Four financial lessons for children
As a parent, there are so many things it is your duty to pass on to your child. Morals, respect, behaviour, not to mention fall the practical aspects of life.
One thing that often gets forgotten in all that is finances.
Teaching your children about money isn’t some distant scenario to be saved for when they are about to leave home – it’s something that should be instilled gradually, from their earliest years. We should not take the approach that finances are ‘adult’ – money is a part of everyone’s life and wellbeing. You can teach lessons in an age appropriate way that will get your children used to some financial basics early on.
Living by a budget is essential to balance finances, so give your child the gift of understanding what, why and how when it comes to managing money. Teach them that everyone has an income and outgoings that need to balance.
Explain why a budget is important to take care of the big things, like utilities and buying the food each week.

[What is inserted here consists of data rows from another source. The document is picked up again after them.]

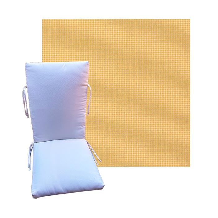 Order universal patio chair cushions in Outdura Outdoor Fabrics - Find a new colorful replacement cushion in 9 sizes - This style of patio chair cushion features a center seam, hinged design with fabric ties. These outdoor cushions are custom made to order in the fabric and size you need. See details on available sizes in the overview section below. BUY MORE and save.
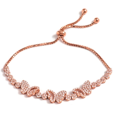 Pori Jewelers CZ 18kt Rose Gold-Plated Sterling Silver Multi-Butterfly Friendship Bolo Adjustable Bracelet: Crafted in solid sterling silverAdjustable...
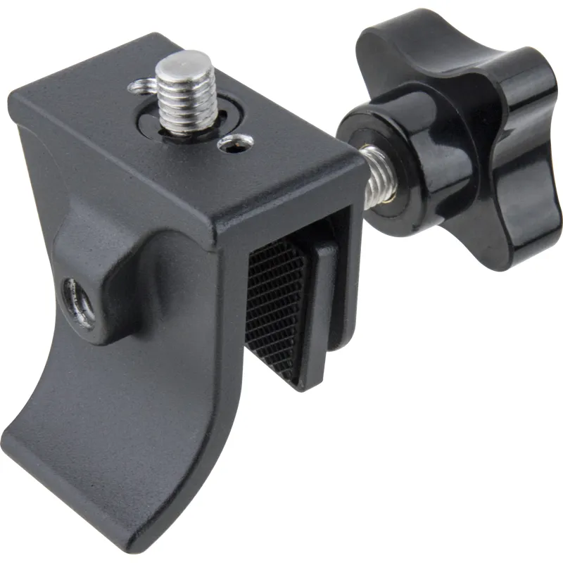 The car window mount clamp is an ideal tool for photographing and videography from an automobile. The clamp can be easily mounted on the window glass of a vehicle using a screw-down knob. Additionally, the window glass is well-protected by rubberized cork on the flat surfaces inside the clamp, including the screw-down disk.
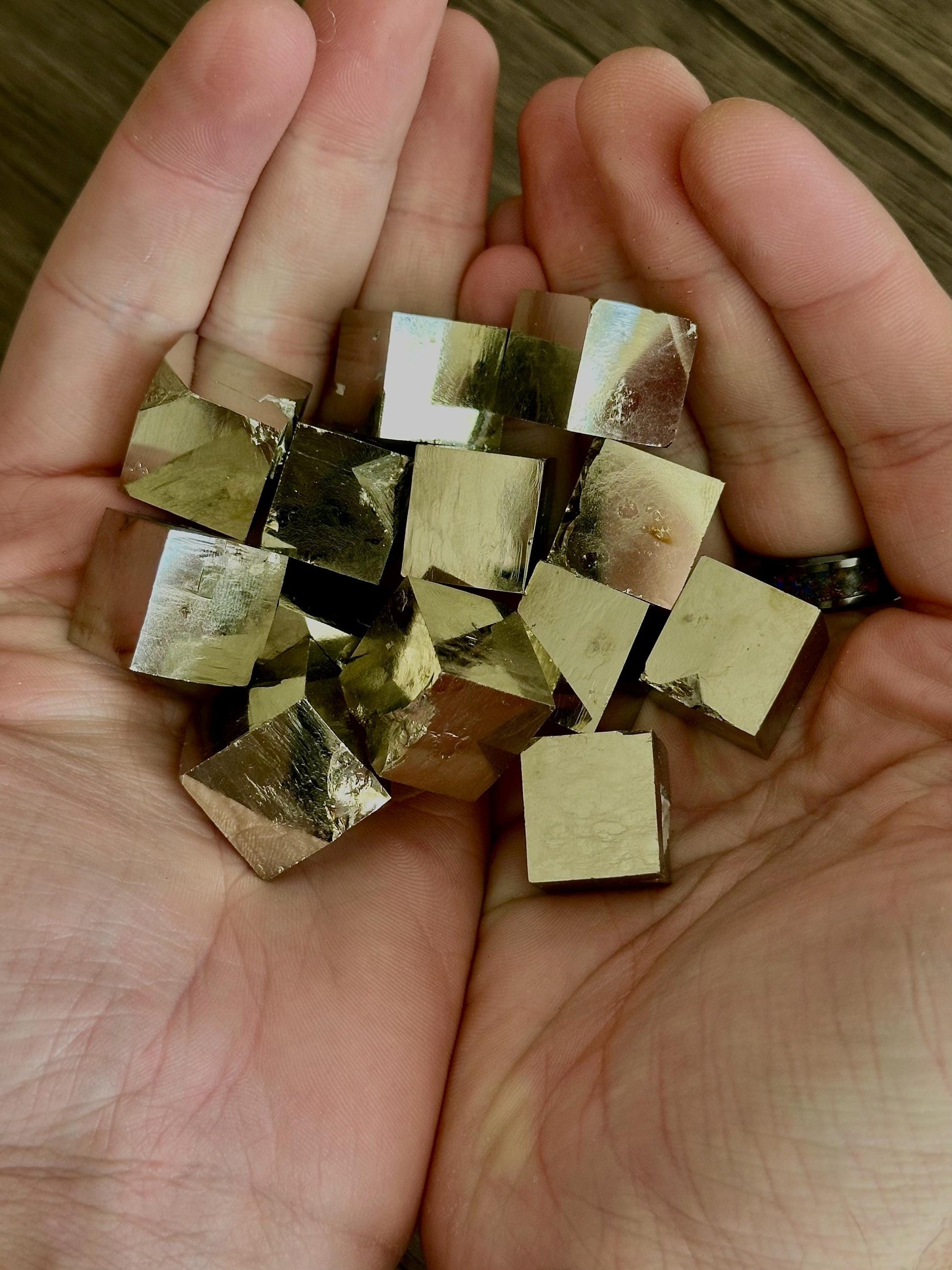 Traditionally associated with protection and prosperity, pyrite cubes are often used to anchor energy and intention.
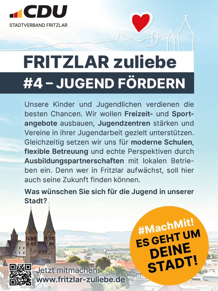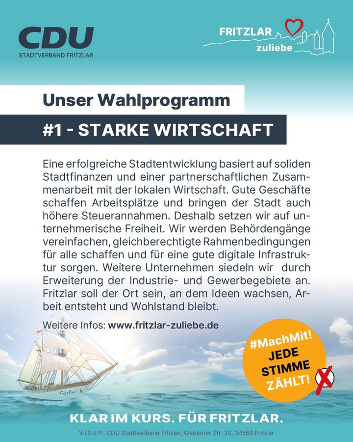 Mit einer vernünftigen - aber zukunftsorientierten - Stadtpolitik sorgt die CDU dafür, dass Fritzlar erfolgreich bleibt.
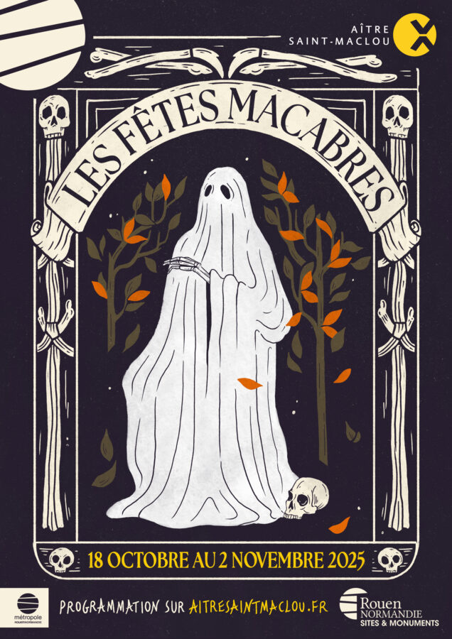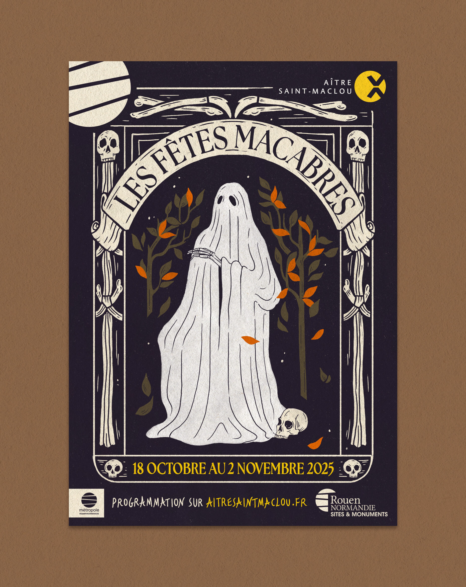 Les Fêtes Macabres Dans Graphisme, Illustration Affiche, flyer et déclinaisons web réalisées à l’occasion des Fêtes macabres à l’Aître Saint-Maclou (Rouen) 23 février 2026
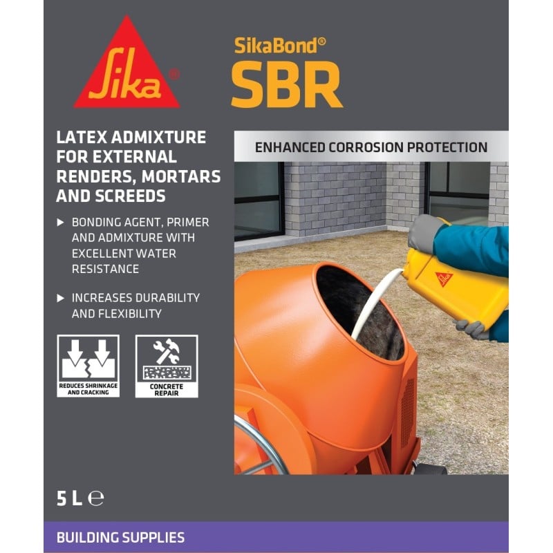 Sika SikaBond SBR+ 5 litre SBR PLUS is a one component, water based, general purpose, styrene butadiene rubber emulsion, when diluted with water it produces a gauging solution for improving adhesion, workability and waterproofing of mortars and cementitious mixes, reduces water to cement ratio for equivalent workability in mortars, making it easier to spread and allows mixes to be applied in much thinner sections.

Even from a young age, kids receiving pocket money can learn how to budget it to afford items they need to buy and also to save up for things. Don’t make it onerous, just a natural part of receiving the allowance – ask simple questions about what your child wants to buy and how they will be spending it or saving up for things. Make them question and understand their own decisions rather than being impulsive.
Teach them that they have a choice in how they spend their money. As they get older, you can then progress to very simple budgets that allow them to plan for their income and how to divide it up. Add in categories such a ‘treats’, ‘savings’, ‘granny’s birthday present’ or ‘charity donation’ and ask them to allocate amounts they will need.
No one wants their kids to get into debt, and avoiding the topic of credit and how to manage it, or treating it like something evil is definitely not the right approach.
Credit can be a powerful tool if you choose to use it right. Talk to your child about why they may need to use credit in the future and how it can be managed with platforms like creditrepair.com. Speak about the negative consequences of not using debt appropriately, and the importance of making repayments on time and budgeting for them.
Building Up Savings
Educate children about how and why savings are important.
Explain that having savings means you can cope with unexpected expenses and pay for things that cost a large amount of money. As they get older, talk about different pots of savings – ‘rainy day’ money and savings for specific outcomes such as purchasing a car. Children should practice making savings from their own income- let them make their own choices about it.
Empowering children to manage their own money is the key to letting them feel the power of control over their own finances- and the consequences if they don’t stick to budget.
Let’s not forget about the importance of sharing and raising generous children. When combined with solid financial training, lessons in generosity and charitable giving will have a positive impact on your child’s personality and outlook on life!